No one questions Jackson’s size, raw stuff, or ability to miss bats. There are, however, significant questions about his durability and consistency against pro-caliber hitters due to a high-stress delivery that impacts his control. Jackson works from a semi-windup, taking an extra-tall leg lift and breaking his hands unusually far behind the center of his torso. His arm stabs badly behind his body on the back side of his arm action, and Jackson drives to the plate with a pronounced shoulder-tilt. He lands open, as his delivery finishes and his back leg swings around very hard, often causing him to pull his head and body away from his throwing arm down the first base side of the mound. There are clearly control and consistency issues, but further still, when I watch him I feel like he’s a heartbeat away from significant arm injury—especially considering how hard he’s throwing his fastball.

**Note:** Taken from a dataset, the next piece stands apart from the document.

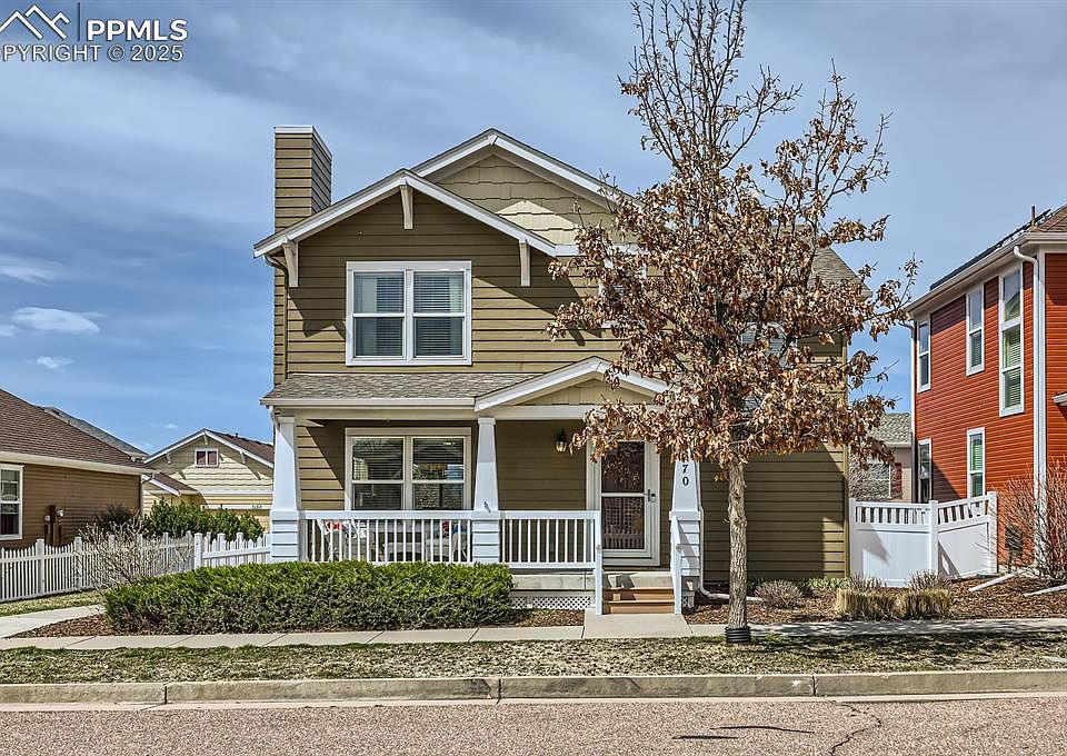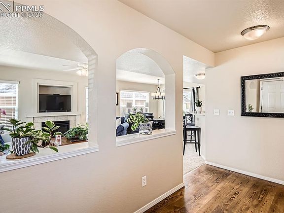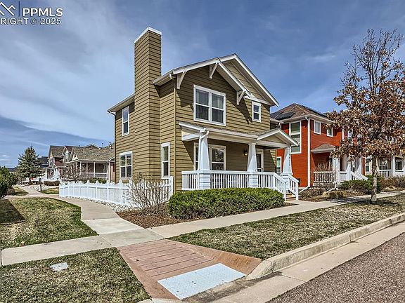 Welcome to your bright, open, and move-in-ready home * Experience breathtaking Pikes Peak views from two of the three bedrooms, including the spacious primary suite * As you step inside, you'll be greeted by beautiful hardwood flooring that flows into a charming, newly updated kitchen, complete with a pantry, ample new cabinetry, and a gorgeous tile backsplash & generous space on the granite countertops * The inviting open floor plan is perfect for entertaining friends and family, featuring large windows that fill the space with natural light, a cozy gas fireplace in the living room, and a sunny dining area that leads to a delightful walkout patio and a breakfast bar for casual meals * With the HOA taking care of the front landscaping and an automatic sprinkler system in place for easy backyard maintenance, you can enjoy more time relaxing and less time worrying about upkeep * A lovely sidewalk borders the south side of the home, perfect for evening strolls through this friendly neighborhood, which boasts grassy common areas for everyone to enjoy * Don’t miss out on this MUST-SEE gem!

Jackson has no-doubt plus raw stuff, but the inability to harness it for well-located strikes makes think a time at the pro level where he won’t just be able to out-stuff the competition likely. He’ll have to make adjustments to how he’s commanding the ball and extending in the front of his delivery to throw quality strikes. Despite the plus fastball and slider mix, I can’t project this guy as a true high-leverage reliever at the big league level due to a lack of control. Jackson is firmly on the scouting radar as a potential early pick, though there will be a wide variance of opinions team-to-team depending on the degree each scouting department feels they can adjust his mechanics.

Notes recorded above were based off video observations, as well as in-person views both during and prior to the 2016 season.